# Albert Barnes



## Barnpreacher (Nov 18, 2007)

> Though a Presbyterian, Barnes argued that man possesses freewill; he urged his auditors exercise their power of choice, and to respond to God’s offer of salvation. These views brought him into serious conflict with strict Calvinists. After the publication of his commentary on Romans, Barnes was charged with doctrinal heresy, and put on trial (1835) by his presbytery. Ultimately, the church’s general assembly acquitted him, though with some censure. His teaching on “unlimited atonement” (contra Calvin) helped generate a split in the Presbyterian Church in 1837.

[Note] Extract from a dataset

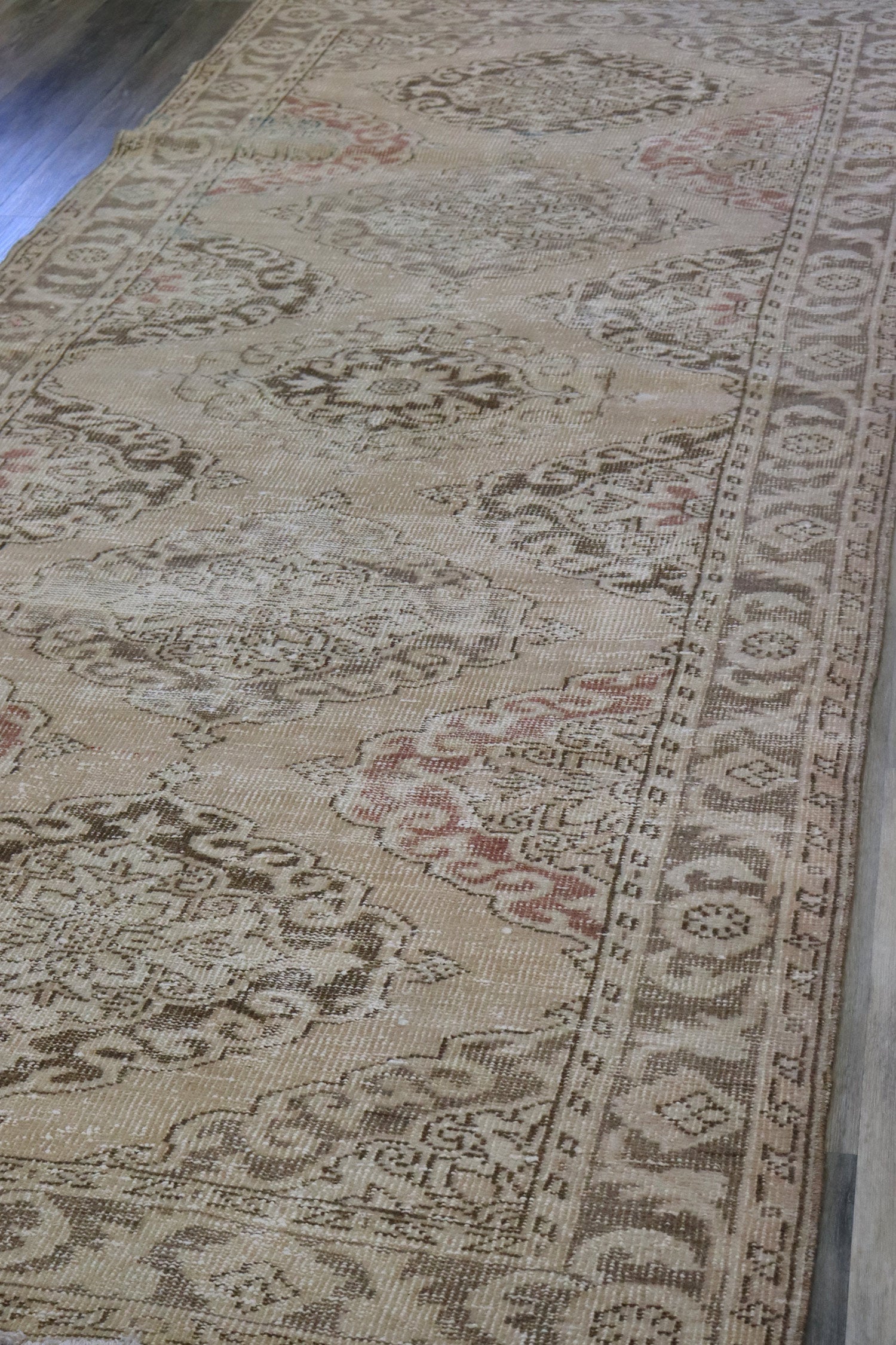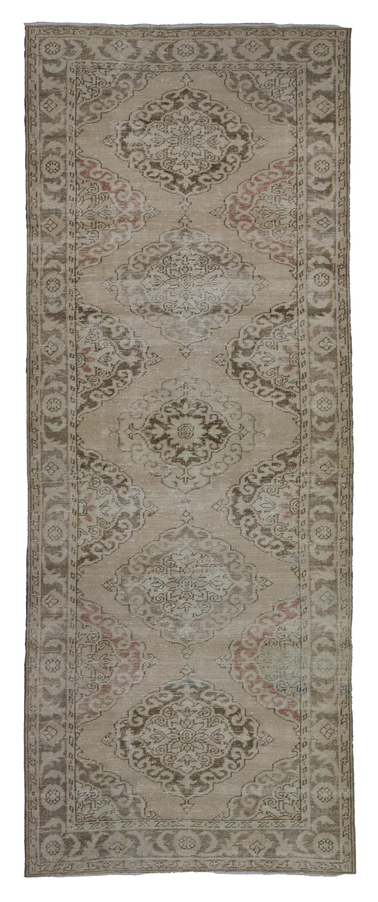 Change things up — transform your space with our amazing Vintage Sille Handwoven Transitional Rug (J66681). This vintage 4' 5" X 11' 9" rug is in the transitional Overdyed & Distressed style and features a stunning Sille design that you’ll absolutely love. This rug is primarily brown on beige with taupe accents. You’ll also appreciate the wool pile on a cotton foundation, which feels great underfoot! As with other handwoven Turkish rugs dating to around 1950, this one’s made to last. You’ll be enjoying the elements of interest and sophistication it adds to your home for years. Don’t delay — refresh your room today with your own Vintage Sille Handwoven Transitional Rug.

Adam Clarke & Albert Barnes: Scholars from the Past : ChristianCourier.com

Is this information accurate? The first sentence looks like a typical misunderstanding of Calvinism. Unless Barnes didn't believe the will was in bondage to sin, which I have a hard time believing he didn't. What about his teaching on unlimited atonement was contra Calvin?


----------



## DMcFadden (Nov 18, 2007)

Barnes was a VERY controversial exemplar of the so-called New School Presbyterianism (aka New School Calvinism). Participating in the Second Great Awakening, these scholars watered down their Calvinism out of a belief that it would further the outcome of revivalism. Barnes was a classic 4-point Calvinist and associated with folks such as Henry B. Smith and Lyman Beecher.

Scholars have differed on whether the New School Calvinists were the precursors of liberalism or fundamentalism! About the only point of connection I can think of is that they both disliked historic Calvinism and reacted against it.


----------